Assignment: Once you find the line with "2年間植え替えをしていないので 長い根は鉢の周りを1周していました |" in the data below, transcribe exactly each line from there to the line with "到场的青年男女们以十足的活力", inclusive, and nothing else. Drop the pictures.

Extracted data:
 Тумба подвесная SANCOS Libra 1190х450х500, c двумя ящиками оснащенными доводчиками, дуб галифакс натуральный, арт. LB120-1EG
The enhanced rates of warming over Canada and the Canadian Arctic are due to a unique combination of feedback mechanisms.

--

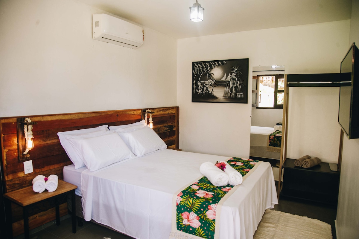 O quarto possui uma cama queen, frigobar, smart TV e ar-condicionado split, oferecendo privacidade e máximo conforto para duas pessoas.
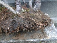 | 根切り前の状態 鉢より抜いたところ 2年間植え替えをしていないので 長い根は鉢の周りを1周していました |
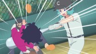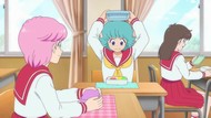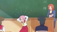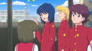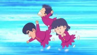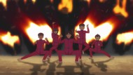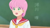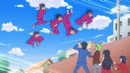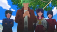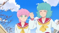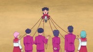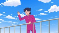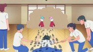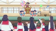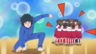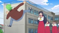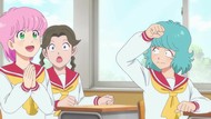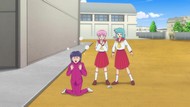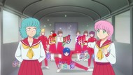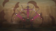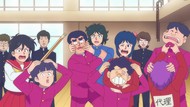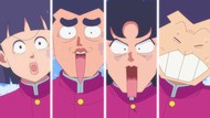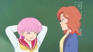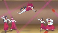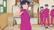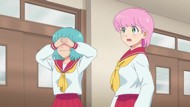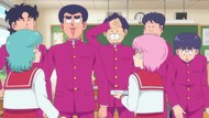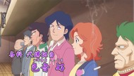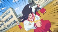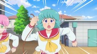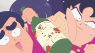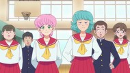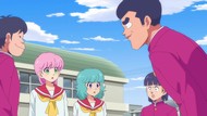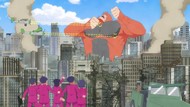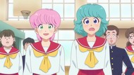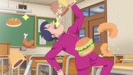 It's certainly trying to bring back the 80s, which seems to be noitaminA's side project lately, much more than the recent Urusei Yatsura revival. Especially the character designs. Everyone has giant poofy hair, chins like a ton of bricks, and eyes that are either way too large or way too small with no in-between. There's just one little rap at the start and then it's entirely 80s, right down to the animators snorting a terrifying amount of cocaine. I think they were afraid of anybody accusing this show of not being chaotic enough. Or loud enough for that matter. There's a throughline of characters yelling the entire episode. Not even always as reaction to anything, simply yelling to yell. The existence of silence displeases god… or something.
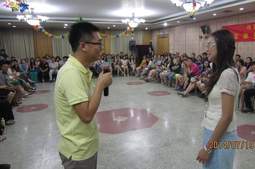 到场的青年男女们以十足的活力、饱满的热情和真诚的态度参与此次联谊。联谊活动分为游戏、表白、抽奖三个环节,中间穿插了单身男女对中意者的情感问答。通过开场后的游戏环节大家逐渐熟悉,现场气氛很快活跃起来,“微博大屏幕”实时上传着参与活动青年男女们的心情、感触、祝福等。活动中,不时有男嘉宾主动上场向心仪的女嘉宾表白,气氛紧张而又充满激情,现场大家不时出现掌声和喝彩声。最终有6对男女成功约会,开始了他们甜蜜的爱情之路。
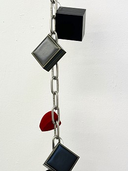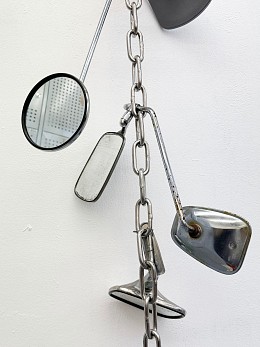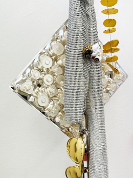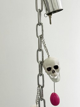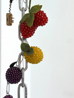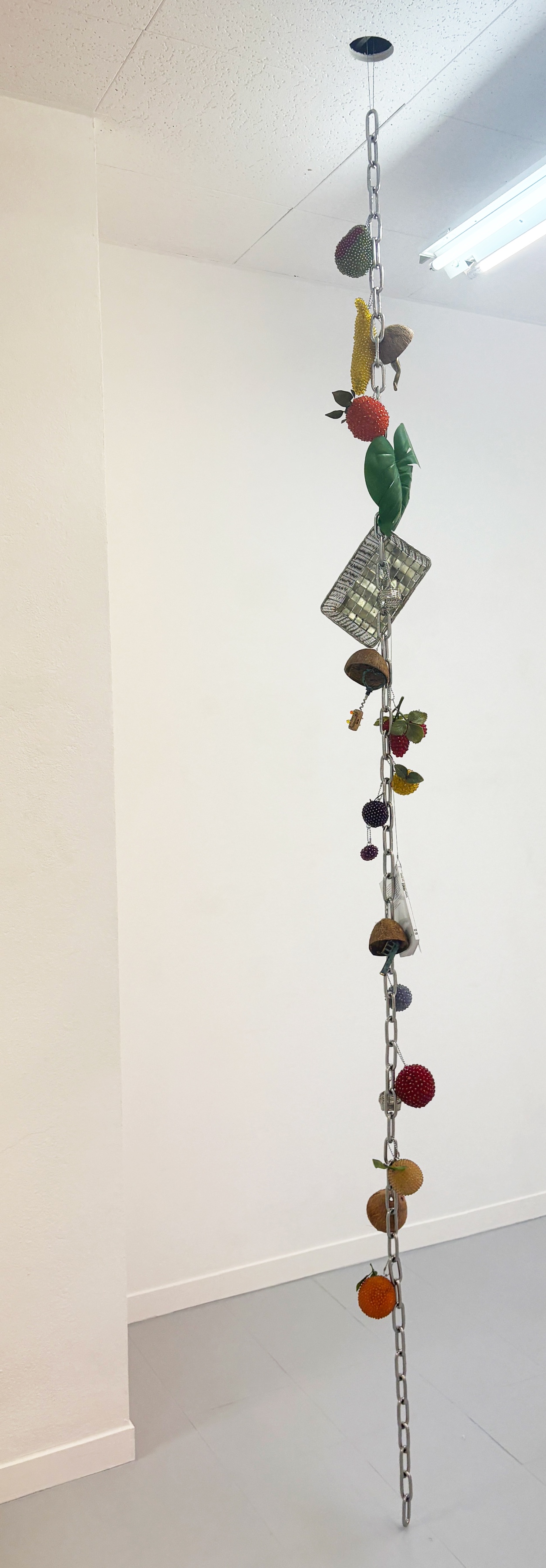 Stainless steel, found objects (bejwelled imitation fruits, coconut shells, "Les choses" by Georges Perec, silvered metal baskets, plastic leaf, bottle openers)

Your response:
 | 根切り前の状態 鉢より抜いたところ 2年間植え替えをしていないので 長い根は鉢の周りを1周していました |
 It's certainly trying to bring back the 80s, which seems to be noitaminA's side project lately, much more than the recent Urusei Yatsura revival. Especially the character designs. Everyone has giant poofy hair, chins like a ton of bricks, and eyes that are either way too large or way too small with no in-between. There's just one little rap at the start and then it's entirely 80s, right down to the animators snorting a terrifying amount of cocaine. I think they were afraid of anybody accusing this show of not being chaotic enough. Or loud enough for that matter. There's a throughline of characters yelling the entire episode. Not even always as reaction to anything, simply yelling to yell. The existence of silence displeases god… or something.
 到场的青年男女们以十足的活力、饱满的热情和真诚的态度参与此次联谊。联谊活动分为游戏、表白、抽奖三个环节,中间穿插了单身男女对中意者的情感问答。通过开场后的游戏环节大家逐渐熟悉,现场气氛很快活跃起来,“微博大屏幕”实时上传着参与活动青年男女们的心情、感触、祝福等。活动中,不时有男嘉宾主动上场向心仪的女嘉宾表白,气氛紧张而又充满激情,现场大家不时出现掌声和喝彩声。最终有6对男女成功约会,开始了他们甜蜜的爱情之路。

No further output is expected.